■ EXERCISE PROMPT:
Reproduce only what runs from the line containing "Vue d'ensemble du site lors de l'inondation" to the line containing "图 8 地块内现状（东-西）" in the records below, inclusive. Keep it exact, and keep the pictures out.

■ DATASET ENTRIES:
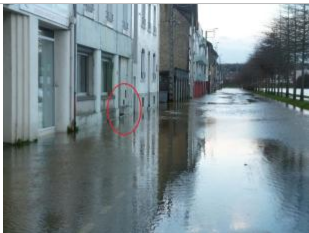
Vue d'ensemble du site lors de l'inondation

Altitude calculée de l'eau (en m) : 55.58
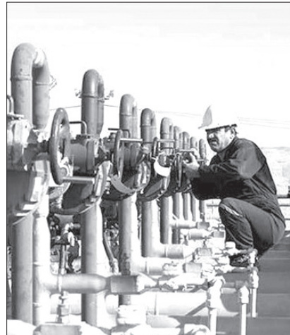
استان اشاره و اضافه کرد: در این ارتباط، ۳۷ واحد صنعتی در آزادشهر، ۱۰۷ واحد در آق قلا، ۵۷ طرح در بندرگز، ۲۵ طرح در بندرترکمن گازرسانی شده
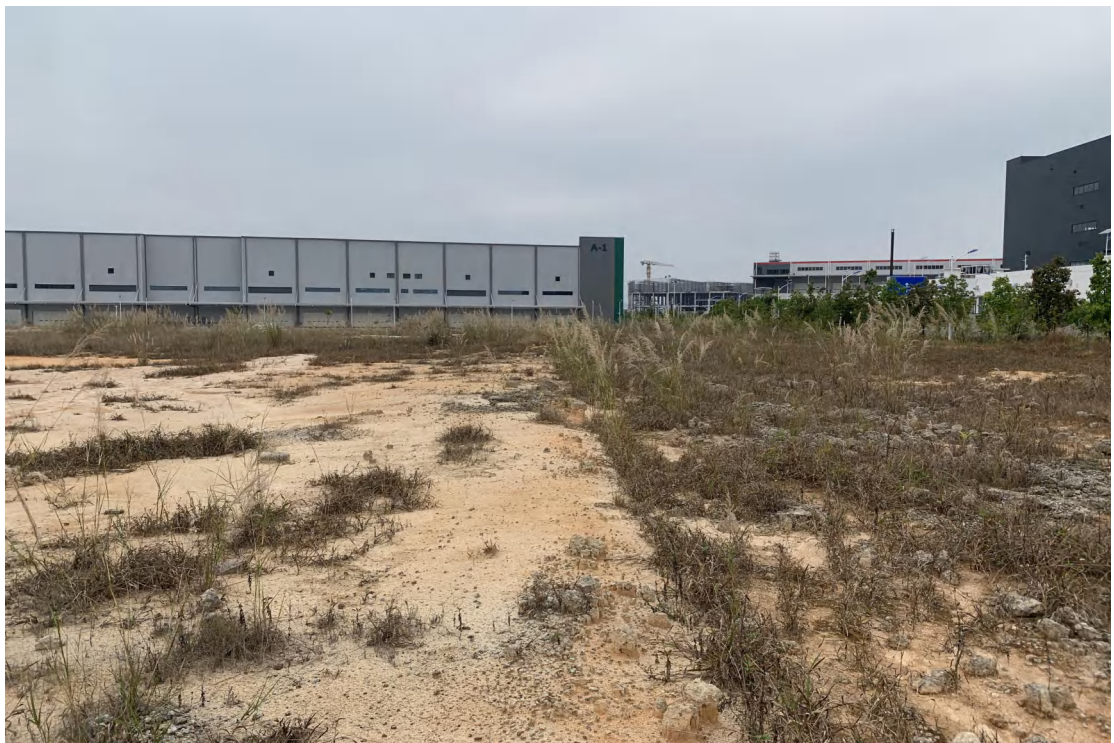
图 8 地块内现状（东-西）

* * *

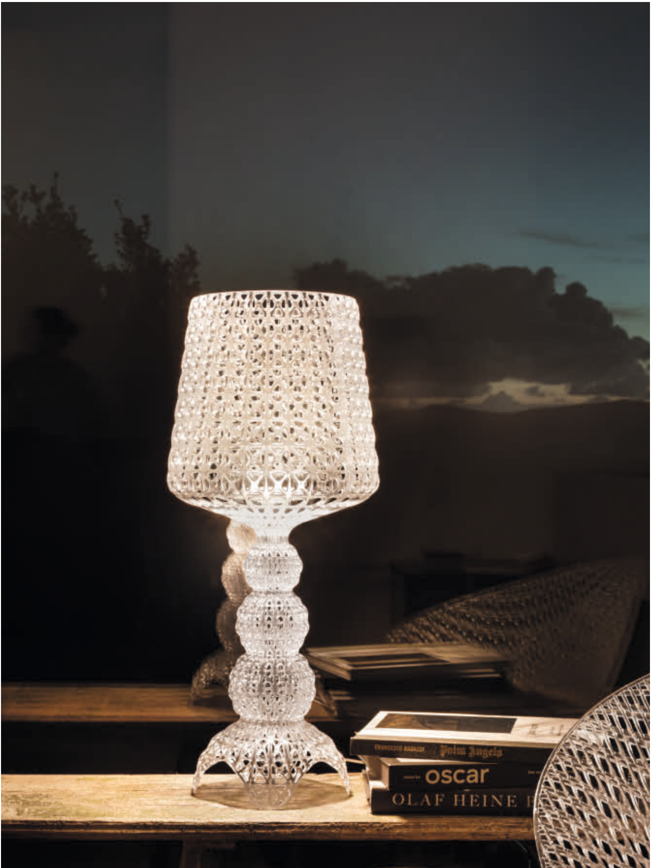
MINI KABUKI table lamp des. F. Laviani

==

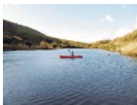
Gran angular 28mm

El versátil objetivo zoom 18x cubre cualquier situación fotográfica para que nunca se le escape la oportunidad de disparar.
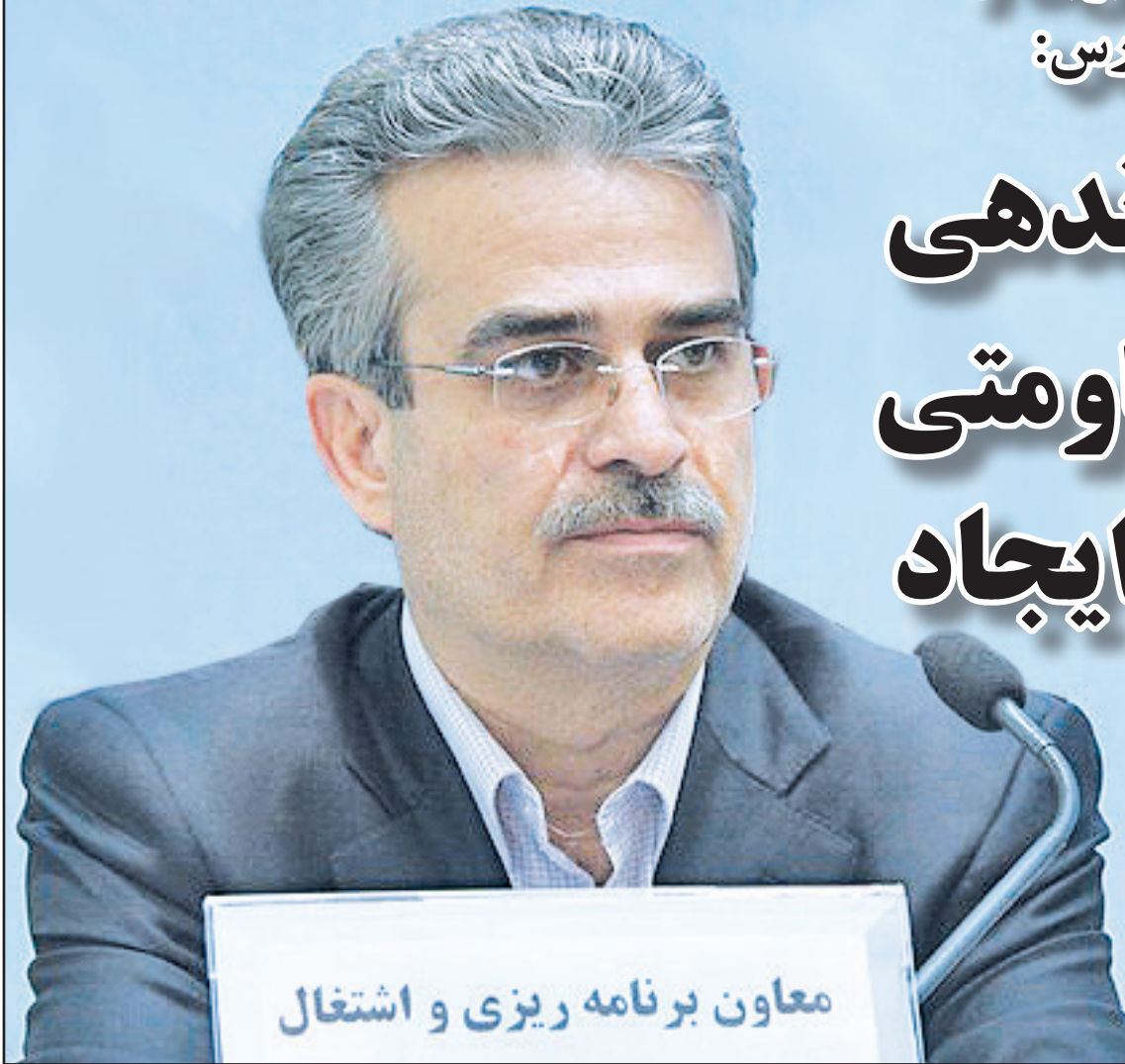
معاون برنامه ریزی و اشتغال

■ EXERCISE SOLUTION:
Vue d'ensemble du site lors de l'inondation

Altitude calculée de l'eau (en m) : 55.58
استان اشاره و اضافه کرد: در این ارتباط، ۳۷ واحد صنعتی در آزادشهر، ۱۰۷ واحد در آق قلا، ۵۷ طرح در بندرگز، ۲۵ طرح در بندرترکمن گازرسانی شده
图 8 地块内现状（东-西）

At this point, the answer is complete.